Лука - Шуляк Станислав Иванович 14 стр.


Поневоле, ввиду моей теперешней новой ипостаси (о которой никогда не следует забывать), в сию представляемую высокую "Комедию", подобно аспидам, сами собой вползают и некоторые неопределенные эсхатологические мотивы, и я, может быть, даже не избегнул бы обвинений и в некрофильстве, когда бы ни были мне оправданием мои хорошо известные миру и широкий гуманизм, и беззаветное, всезаполняющее, вольноточащееся жизнелюбие.

Вот еще картина (и это уже самое вступление к одному из вариантов "Комедии"): я нахожусь в некоем месте и долго не могу толком определить, где же все-таки нахожусь, и приходится тогда усиленно изощрять зрение, чтобы хоть сколько-нибудь, самым неочевидным образом вызнать место своего теперешнего пребывания...

Постепенно начинается какой-то свет, подобный жжению или зуду в глазах, самый рассеянный, не дающий вовсе представления об окружающем.

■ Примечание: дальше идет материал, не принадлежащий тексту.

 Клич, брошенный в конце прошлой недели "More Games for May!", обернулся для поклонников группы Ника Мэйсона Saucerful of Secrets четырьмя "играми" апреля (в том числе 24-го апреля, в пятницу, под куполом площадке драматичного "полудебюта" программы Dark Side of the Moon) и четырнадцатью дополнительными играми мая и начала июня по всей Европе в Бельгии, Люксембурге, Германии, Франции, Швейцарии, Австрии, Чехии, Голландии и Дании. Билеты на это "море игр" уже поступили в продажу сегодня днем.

Я теперь радуюсь свету, я всматриваюсь в него, и постепенно глазам открываются какие-то смутные, недостоверные, сомнительные очертания; не более чем очертания.

Это коридор, точно коридор, я стою посередине него. Вдоль стен, продолжающихся едва не до бесконечности, под потолком протягиваются некие продолговатые плоские несметные плафоны, источающие бледный неуверенный незначительный искусственный свет. Нечто подобное тому коридору есть точно и у нас в Академии (тот самый, где мы все летали на ветру), здесь только все, конечно, во много раз необозримее.

Вдалеке моему взору мерещатся и некоторые особенные помещения - цепочки благополучных строгих темных залов, всех косвенно связанных и с нашим коридором, так что в перспективе образуется то ли некая анфилада, то ли рекреация, совершенно сверхъестественные, с длинными причудливыми арками вдоль стен, местами увитыми диким виноградом, образующим витиеватые нарочные заросли, и пересеченными несколькими приземистыми тяжеловесными виадуками, которые тоже сами собой выхватываются из тьмы, и по одному из них уже беззвучно торопится небольшой тепловоз, - словом, красота и странность, и еще какие-то иные, неразъяснимые покуда впечатления.

Нет, здесь, наверное, нет тумана, нет никакого стелющегося дыма, которые обычно затмевают отчетливую видимость в природе, когда, например, по осени жгут костры в поле, и собираются вокруг них посидеть, поговорить, поворошить тлеющую листву палкой, выпить водки и спеть песен всею компанией, но видимость здесь точно не хороша, не отчетлива. И, пока я рассматриваю свет плафонов и еще неясные строгие залы вдали, как вдруг неожиданно открываю еще и лицо неведомого субъекта, почти вплотную прижавшееся к моему лицу.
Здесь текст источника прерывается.